I could not follow the question, appreciate a step by step approach on this . Also, can i expect a question of this level of difficulty in the Exam ?

thanks in advance !
Let the 4 numbers be a, b, c and d.
Work from the end of the problem to the beginning.

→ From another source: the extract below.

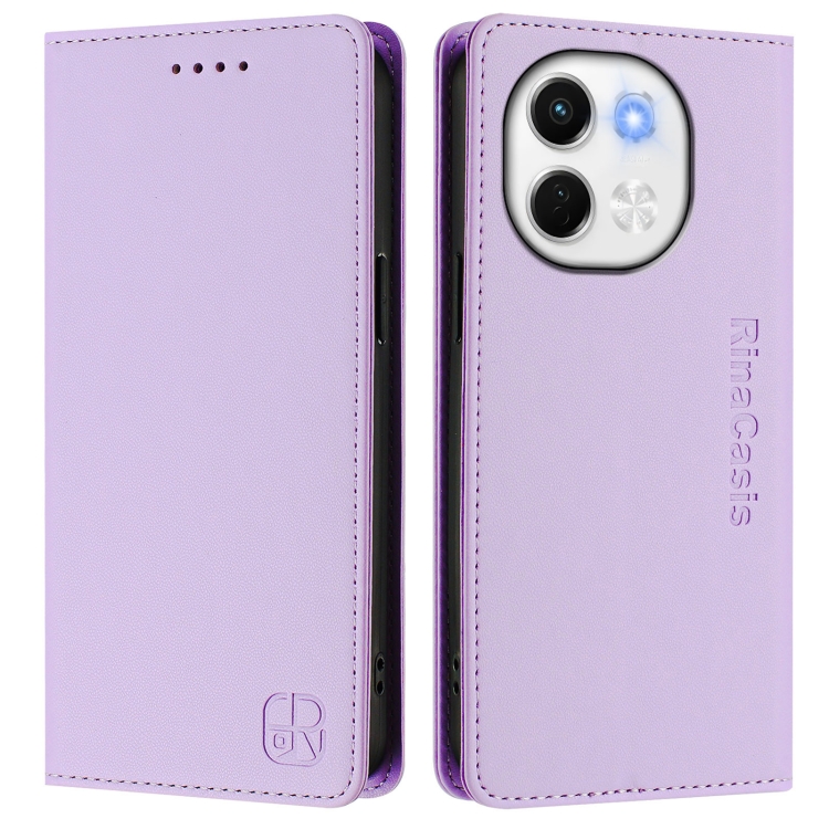 Funda de Cuero con Doble Pliegue y Cierre Magnético Rfid para Tecno Spark 30 5G y Pova 6 Neo 5G Rc01 (Morado Claro)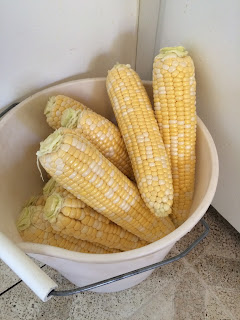 At the Farmer’s Market, someone from Kallstrom Corn came over and bartered for some huckleberry jam. Then, my neighbor brought me over some corn that he got from his friend in Lewiston. So, while the cheese was busy fermenting and curding (is that a word) and draining…I decided to process some corn to freeze…

The average of the four numbers is 35:
Determine the sum.
a+b+c+d = number*average = 4*35 = 140.

The ratio of the sum of these three numbers to the fourth number is 3:2:
(a+b+c) : d = 3:2.
Since the sum of the parts of this ratio = 3+2 = 5, and a+b+c+d = 140, the multiplier for this ratio = 140/5 = 28.
Thus, (a+b+c) : d = 28(3:2) = 84:56.
Thus, a+b+c = 84 and d=56.

The ratio of the sum of these two numbers to the third number is 4:3:
(a+b) : c = 4:3.
Since the sum of the parts of this ratio = 4+3 = 7, and a+b+c = 84, the multiplier for this ratio = 84/7 = 12.
Thus, (a+b) : c = 12(4:3) = 48:36.
Thus, a+b = 48 and c=36.

Two numbers are in the ratio 1:2:
a:b = 1:2.
Since the sum of the parts of this ratio = 1+2 = 3, and a+b = 48, the multiplier for this ratio = 48/3 = 16.
Thus, a : b = 16(1:2) = 16:32.
Thus, a=16 and b=32.

Thus, the average of the 3 greatest numbers = (b+c+d)/3 = (32+36+56)/3 = 124/3 = 41 1/3.

The correct answer is E.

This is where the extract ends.